Fair by design: A sociotechnical approach to justifying the fairness of AI-enabled systems across the lifecycle
- URL: http://arxiv.org/abs/2406.09029v1
- Date: Thu, 13 Jun 2024 12:03:29 GMT
- Title: Fair by design: A sociotechnical approach to justifying the fairness of AI-enabled systems across the lifecycle
- Authors: Marten H. L. Kaas, Christopher Burr, Zoe Porter, Berk Ozturk, Philippa Ryan, Michael Katell, Nuala Polo, Kalle Westerling, Ibrahim Habli,
- Abstract summary: Fairness is one of the most commonly identified ethical principles in existing AI guidelines.
The development of fair AI-enabled systems is required by new and emerging AI regulation.
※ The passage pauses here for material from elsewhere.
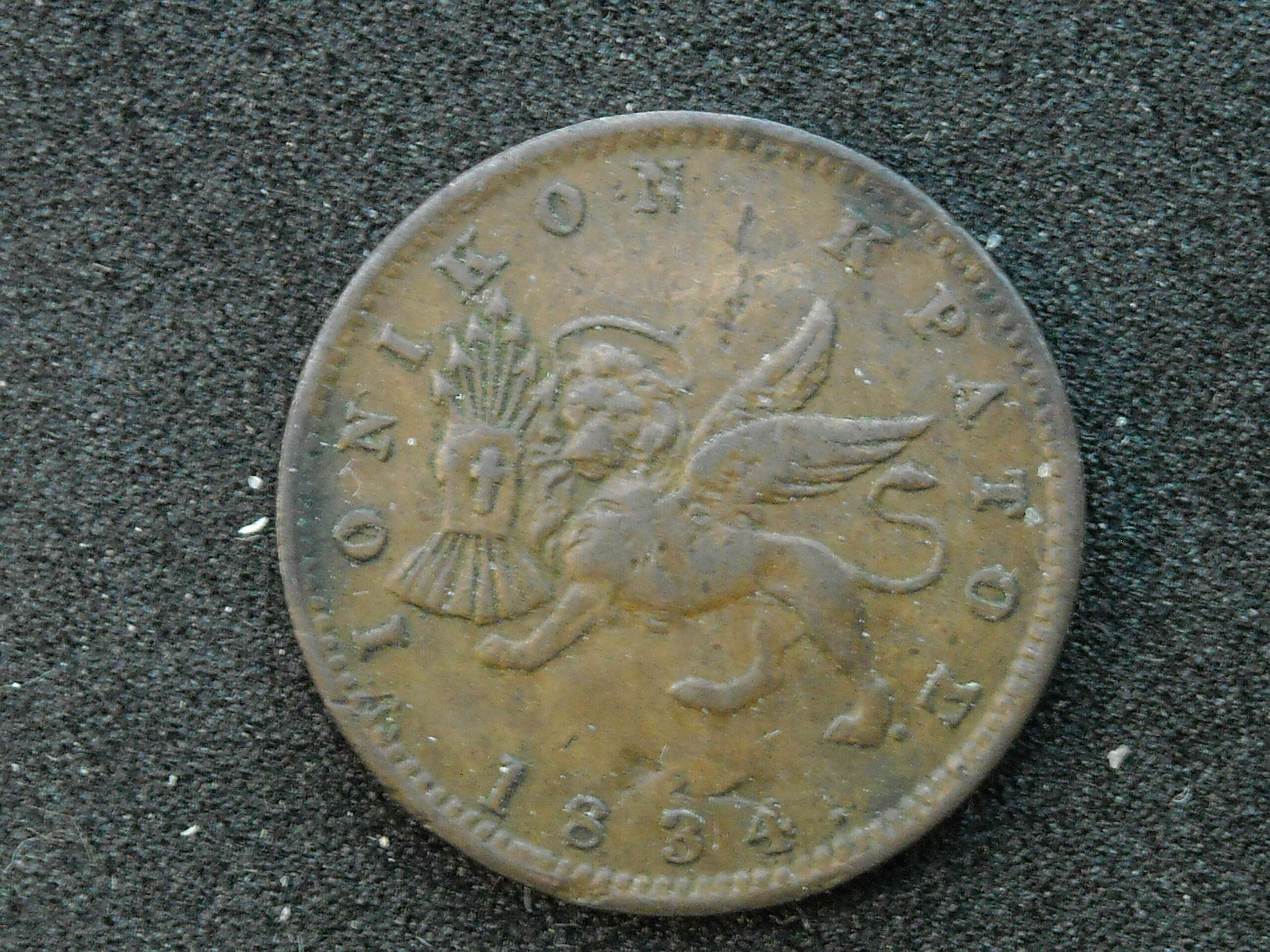 1834 New Obol “IONIAN ISLANDS STATE”. THE ASSESSMENT OF CURRENCY QUALITY IS SUBJECTIVE.

- Score: 0.8164978442203773
- License: http://creativecommons.org/licenses/by/4.0/
- Abstract: Fairness is one of the most commonly identified ethical principles in existing AI guidelines, and the development of fair AI-enabled systems is required by new and emerging AI regulation. But most approaches to addressing the fairness of AI-enabled systems are limited in scope in two significant ways: their substantive content focuses on statistical measures of fairness, and they do not emphasize the need to identify and address fairness considerations across the whole AI lifecycle. Our contribution is to present an assurance framework and tool that can enable a practical and transparent method for widening the scope of fairness considerations across the AI lifecycle and move the discussion beyond mere statistical notions of fairness to consider a richer analysis in a practical and context-dependent manner. To illustrate this approach, we first describe and then apply the framework of Trustworthy and Ethical Assurance (TEA) to an AI-enabled clinical diagnostic support system (CDSS) whose purpose is to help clinicians predict the risk of developing hypertension in patients with Type 2 diabetes, a context in which several fairness considerations arise (e.g., discrimination against patient subgroups). This is supplemented by an open-source tool and a fairness considerations map to help facilitate reasoning about the fairness of AI-enabled systems in a participatory way. In short, by using a shared framework for identifying, documenting and justifying fairness considerations, and then using this deliberative exercise to structure an assurance case, research on AI fairness becomes reusable and generalizable for others in the ethical AI community and for sharing best practices for achieving fairness and equity in digital health and healthcare in particular.